The first time the player picks up a coin, the UI counter scales up nicely. The second pickup — nothing. The label sits at scale 1.0 like the tween never ran. You re-read the code, you log the function entry, you confirm tween_property is being called. The tween silently does nothing.

What Changed from Godot 3

In Godot 3, Tween was a node. You could call interpolate_property repeatedly across its lifetime and start() to play. In Godot 4, Tween is a transient object created by SceneTree.create_tween() (or Node.create_tween()). Once it finishes its chain of operations, it’s marked invalid. Subsequent tween_property calls produce an error in --verbose mode but no error in normal play — just silent no-ops.

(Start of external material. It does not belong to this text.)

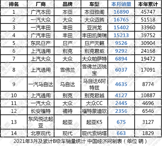 在普通品牌中,合资B级车相比去年,一季度的整体排名出现了重大变化。先是迈腾“王者归来”,相比去年一整年的平淡表现,今年一季度率先“破局”,目前累计销售超5万辆,夺得细分市场冠军;其次是亚洲龙的持续攀升,3月销量已力压凯美瑞,进入三甲序列,一季度累计销量排名第四;最后就是帕萨特的陨落,“碰撞门”事件虽然已过去了一年半的时间,但潜在的影响不容小视,因为旗舰受损,上汽大众在今年一季度的市场表现同样差强人意。
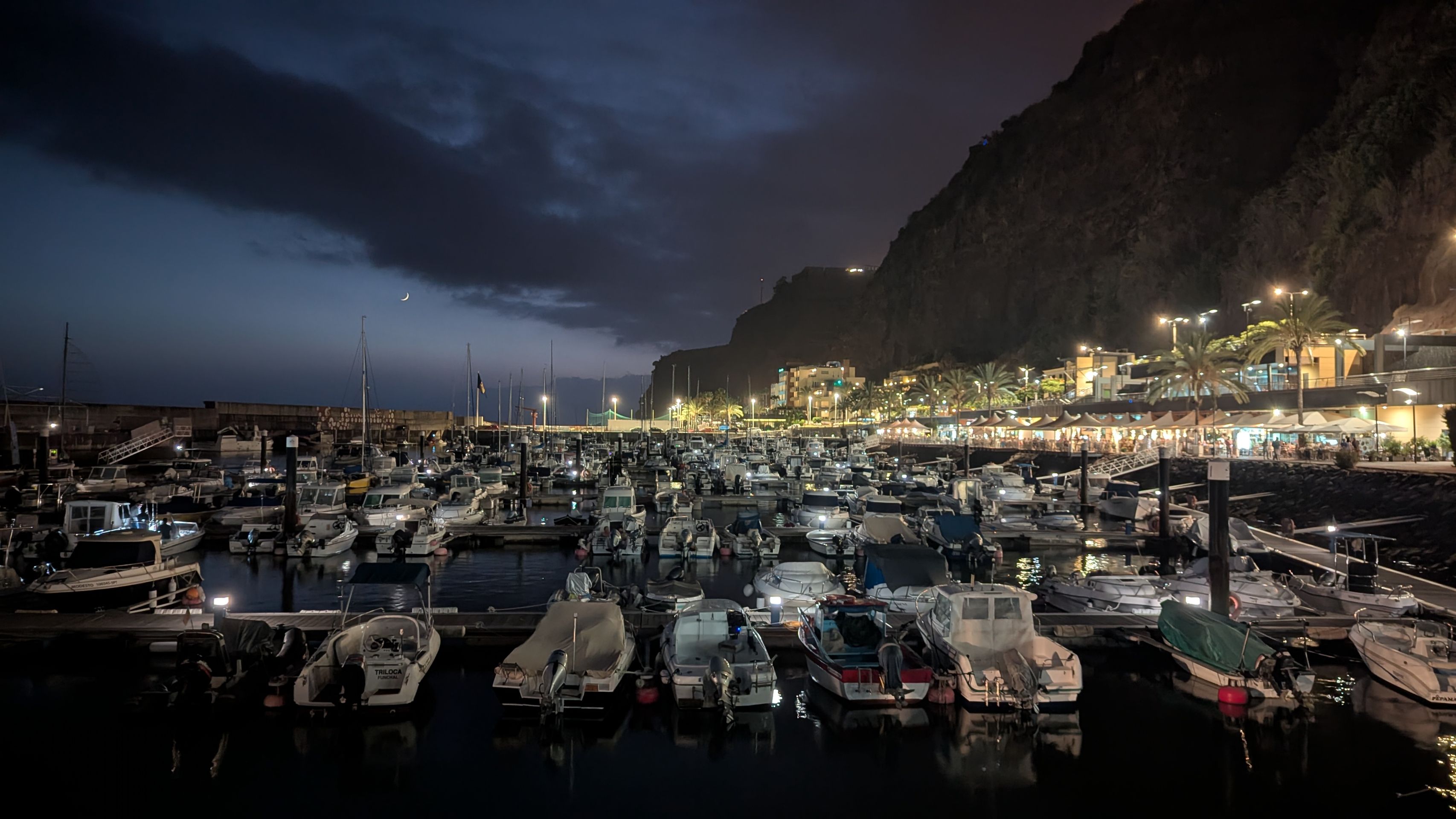 Abends fahren wir runter zum Strand und Promenade nach Calheta, da wir Abendessen gehen wollen. Die Parplatzssuche wir wieder zur Challenge, aber wir haben Glück und finden zügig einen Parkplatz. Ab 19 Uhr sind diese auch kostenfrei (es ist 19:10 Uhr). Auch ist es immer noch knackig heiß! Das Autothermometer zeigt 33 Grad!!! Wahnsinn! So warm war es auch am Ankunftstag, da hatten wir abends auch noch über 30 Grad.

The Fix: Fresh Tween Each Time

Replace your stored reference with a new one whenever you want to animate:

# WRONG: tween stored once, reused
var tween: Tween

func _ready():
    tween = create_tween()

func animate_pickup():
    tween.tween_property(label, "scale", Vector2.ONE * 1.5, 0.2)   # no-op after first finish

# RIGHT: new tween each call
var tween: Tween

func animate_pickup():
    if tween: tween.kill()
    tween = create_tween()
    tween.tween_property(label, "scale", Vector2.ONE * 1.5, 0.2)
    tween.tween_property(label, "scale", Vector2.ONE, 0.2)

The if tween: tween.kill() guard cancels any in-progress animation from a previous call before starting the new one. Without it, two rapid pickups would produce two competing tweens scaling the label simultaneously.

When You Want a Looping Tween

For an idle bob or breathing animation, create one tween and call set_loops():

func _ready():
    var tween = create_tween().set_loops().set_trans(Tween.TRANS_SINE)
    tween.tween_property(self, "position:y", position.y - 4, 0.6)
    tween.tween_property(self, "position:y", position.y, 0.6)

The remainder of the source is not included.